* _EXERCISE INSTRUCTIONS_: Within the entries below, please retype exactly the lines starting with the line that has "The body of" and going on through the line that has "ему Днепропетровской области.", but not the pictures.

* _DATA UNDER STUDY_:
====

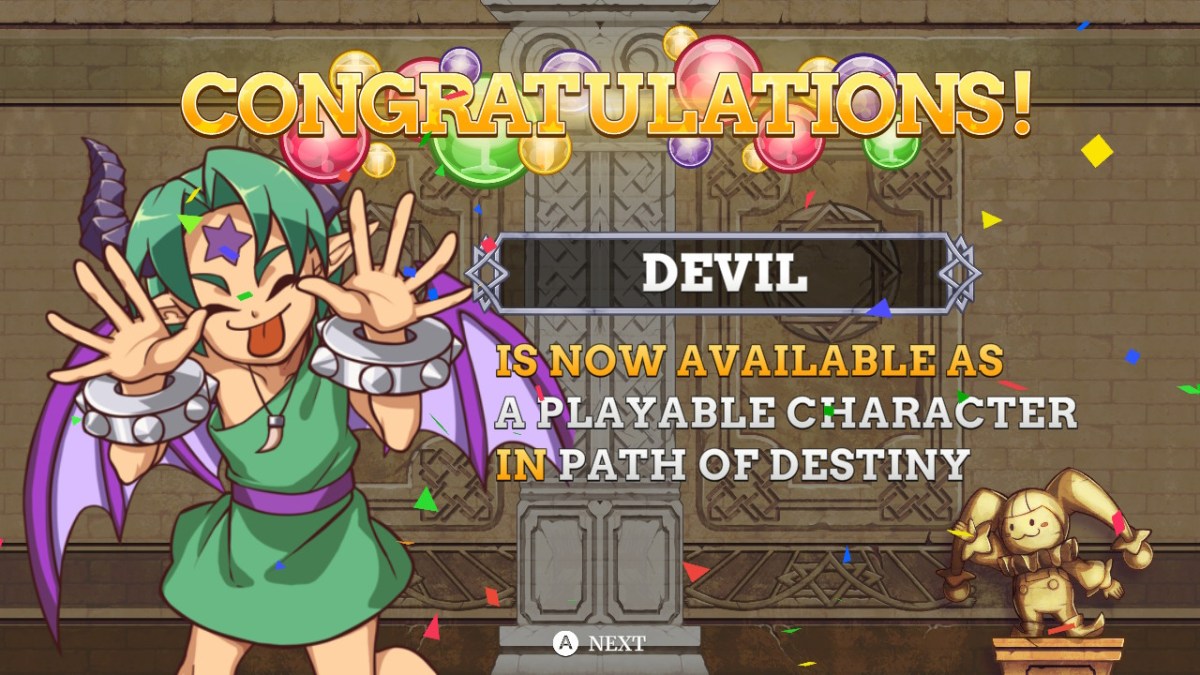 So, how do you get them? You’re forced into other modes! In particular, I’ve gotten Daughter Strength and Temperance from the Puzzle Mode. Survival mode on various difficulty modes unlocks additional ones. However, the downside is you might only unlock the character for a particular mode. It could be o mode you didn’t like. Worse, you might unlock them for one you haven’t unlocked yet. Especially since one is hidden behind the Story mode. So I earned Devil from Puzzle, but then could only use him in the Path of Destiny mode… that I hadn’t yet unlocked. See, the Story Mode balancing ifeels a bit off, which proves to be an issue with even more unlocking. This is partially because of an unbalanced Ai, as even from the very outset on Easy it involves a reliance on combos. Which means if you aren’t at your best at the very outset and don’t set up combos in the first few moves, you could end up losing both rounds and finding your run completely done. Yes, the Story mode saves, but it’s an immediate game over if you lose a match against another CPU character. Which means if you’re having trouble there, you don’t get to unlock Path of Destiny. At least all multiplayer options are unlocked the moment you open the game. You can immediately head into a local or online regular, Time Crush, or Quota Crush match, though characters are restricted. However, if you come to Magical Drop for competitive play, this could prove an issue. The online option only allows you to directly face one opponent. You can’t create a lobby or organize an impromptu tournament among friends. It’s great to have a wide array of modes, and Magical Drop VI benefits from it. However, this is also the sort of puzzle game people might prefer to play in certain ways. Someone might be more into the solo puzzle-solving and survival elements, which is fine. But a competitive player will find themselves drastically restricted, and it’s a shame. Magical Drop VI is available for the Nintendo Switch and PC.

====

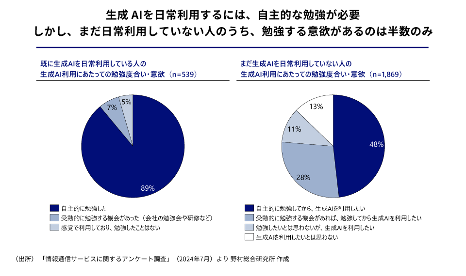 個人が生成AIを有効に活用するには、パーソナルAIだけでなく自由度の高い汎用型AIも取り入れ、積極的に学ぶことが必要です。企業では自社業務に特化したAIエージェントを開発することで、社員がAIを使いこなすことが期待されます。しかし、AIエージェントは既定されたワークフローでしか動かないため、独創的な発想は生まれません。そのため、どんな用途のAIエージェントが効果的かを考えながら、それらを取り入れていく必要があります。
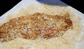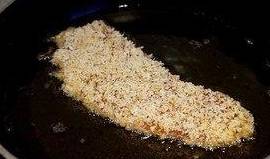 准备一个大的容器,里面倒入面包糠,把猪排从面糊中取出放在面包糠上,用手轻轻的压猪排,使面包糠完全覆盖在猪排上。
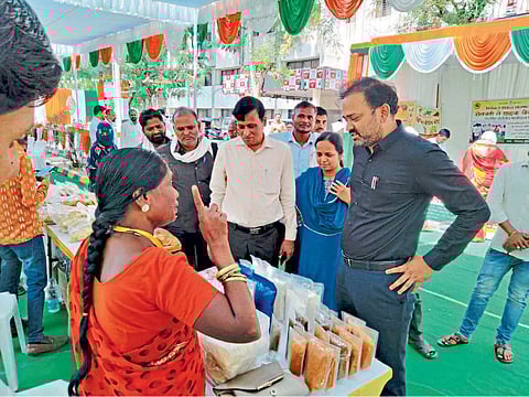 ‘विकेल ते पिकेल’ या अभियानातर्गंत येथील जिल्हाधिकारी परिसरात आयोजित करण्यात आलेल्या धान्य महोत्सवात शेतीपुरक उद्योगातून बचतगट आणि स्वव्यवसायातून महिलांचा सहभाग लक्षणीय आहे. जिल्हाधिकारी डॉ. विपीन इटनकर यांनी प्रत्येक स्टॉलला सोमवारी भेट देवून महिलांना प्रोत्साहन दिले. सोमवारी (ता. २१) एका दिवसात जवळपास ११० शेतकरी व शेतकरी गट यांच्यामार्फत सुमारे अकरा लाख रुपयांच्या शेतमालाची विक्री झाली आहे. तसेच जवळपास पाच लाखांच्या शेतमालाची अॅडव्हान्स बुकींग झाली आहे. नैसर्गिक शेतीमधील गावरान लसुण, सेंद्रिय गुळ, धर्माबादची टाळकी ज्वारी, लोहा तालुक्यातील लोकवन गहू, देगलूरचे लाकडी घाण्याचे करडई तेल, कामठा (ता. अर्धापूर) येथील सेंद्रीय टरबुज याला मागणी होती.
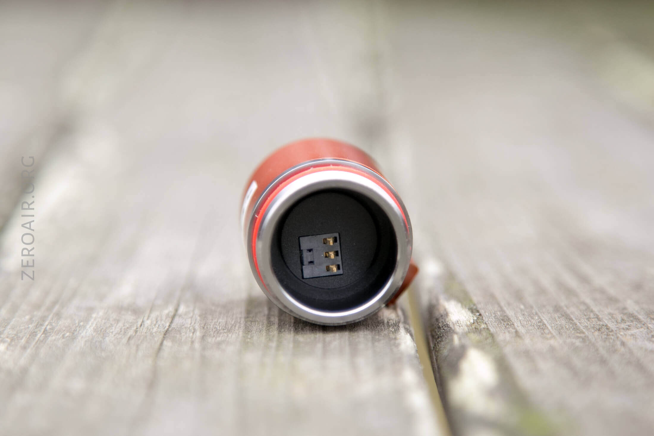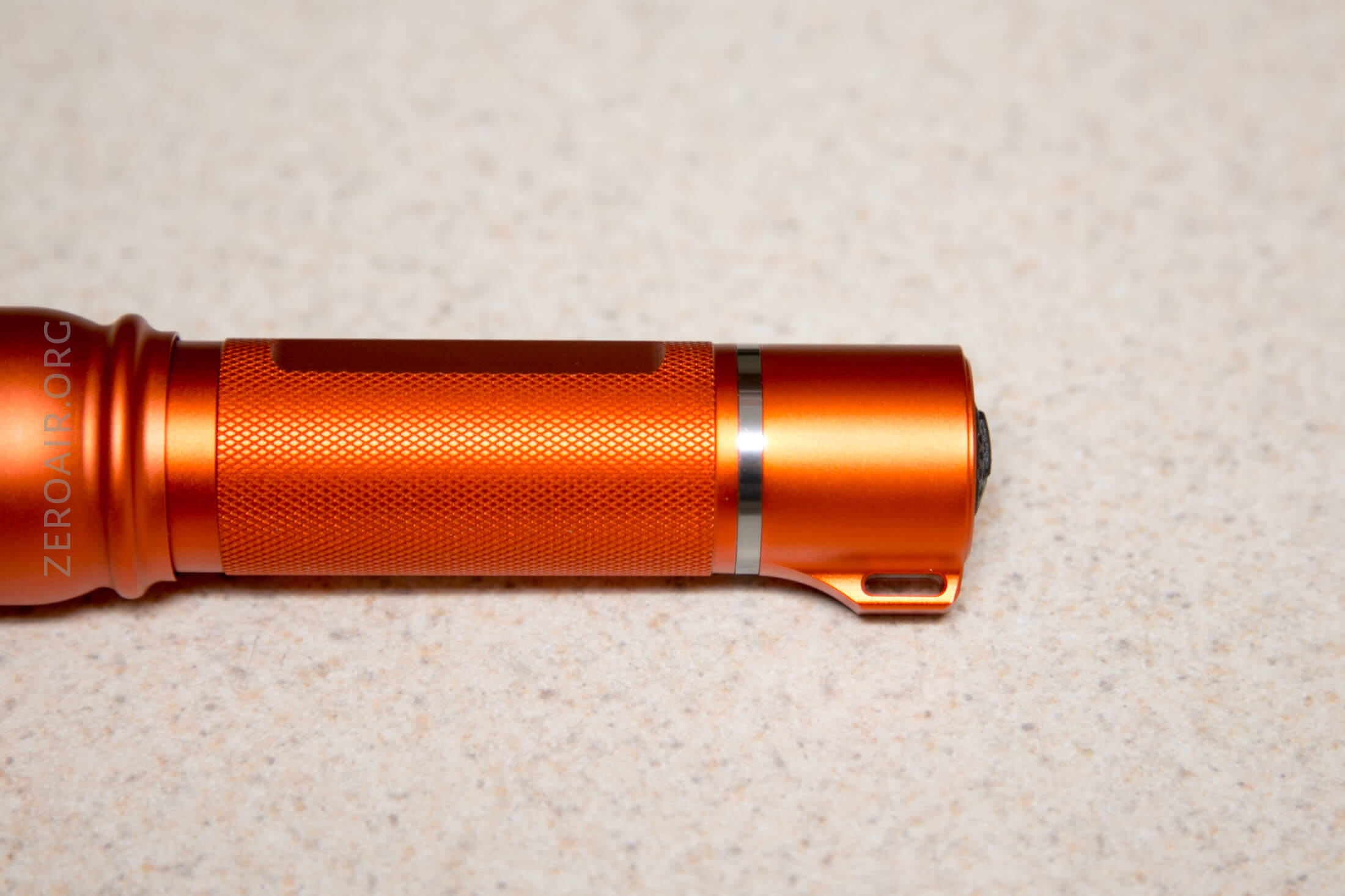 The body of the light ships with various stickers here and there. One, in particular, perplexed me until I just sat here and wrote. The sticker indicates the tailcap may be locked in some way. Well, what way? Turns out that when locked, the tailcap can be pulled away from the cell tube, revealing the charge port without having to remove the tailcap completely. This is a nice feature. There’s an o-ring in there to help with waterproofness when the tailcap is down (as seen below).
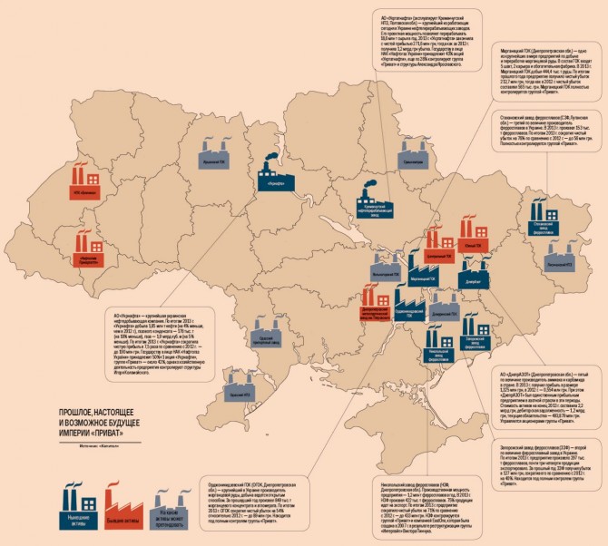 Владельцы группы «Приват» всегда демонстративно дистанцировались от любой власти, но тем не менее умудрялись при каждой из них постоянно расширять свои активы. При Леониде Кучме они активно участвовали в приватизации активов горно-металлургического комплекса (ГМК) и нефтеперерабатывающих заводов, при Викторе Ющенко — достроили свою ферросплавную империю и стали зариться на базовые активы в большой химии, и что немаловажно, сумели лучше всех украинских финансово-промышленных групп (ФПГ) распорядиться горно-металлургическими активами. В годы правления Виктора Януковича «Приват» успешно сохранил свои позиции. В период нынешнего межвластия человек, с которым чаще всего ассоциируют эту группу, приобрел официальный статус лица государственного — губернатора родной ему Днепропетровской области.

====

* _RESPONSE TO THIS TASK_:
 The body of the light ships with various stickers here and there. One, in particular, perplexed me until I just sat here and wrote. The sticker indicates the tailcap may be locked in some way. Well, what way? Turns out that when locked, the tailcap can be pulled away from the cell tube, revealing the charge port without having to remove the tailcap completely. This is a nice feature. There’s an o-ring in there to help with waterproofness when the tailcap is down (as seen below).
 Владельцы группы «Приват» всегда демонстративно дистанцировались от любой власти, но тем не менее умудрялись при каждой из них постоянно расширять свои активы. При Леониде Кучме они активно участвовали в приватизации активов горно-металлургического комплекса (ГМК) и нефтеперерабатывающих заводов, при Викторе Ющенко — достроили свою ферросплавную империю и стали зариться на базовые активы в большой химии, и что немаловажно, сумели лучше всех украинских финансово-промышленных групп (ФПГ) распорядиться горно-металлургическими активами. В годы правления Виктора Януковича «Приват» успешно сохранил свои позиции. В период нынешнего межвластия человек, с которым чаще всего ассоциируют эту группу, приобрел официальный статус лица государственного — губернатора родной ему Днепропетровской области.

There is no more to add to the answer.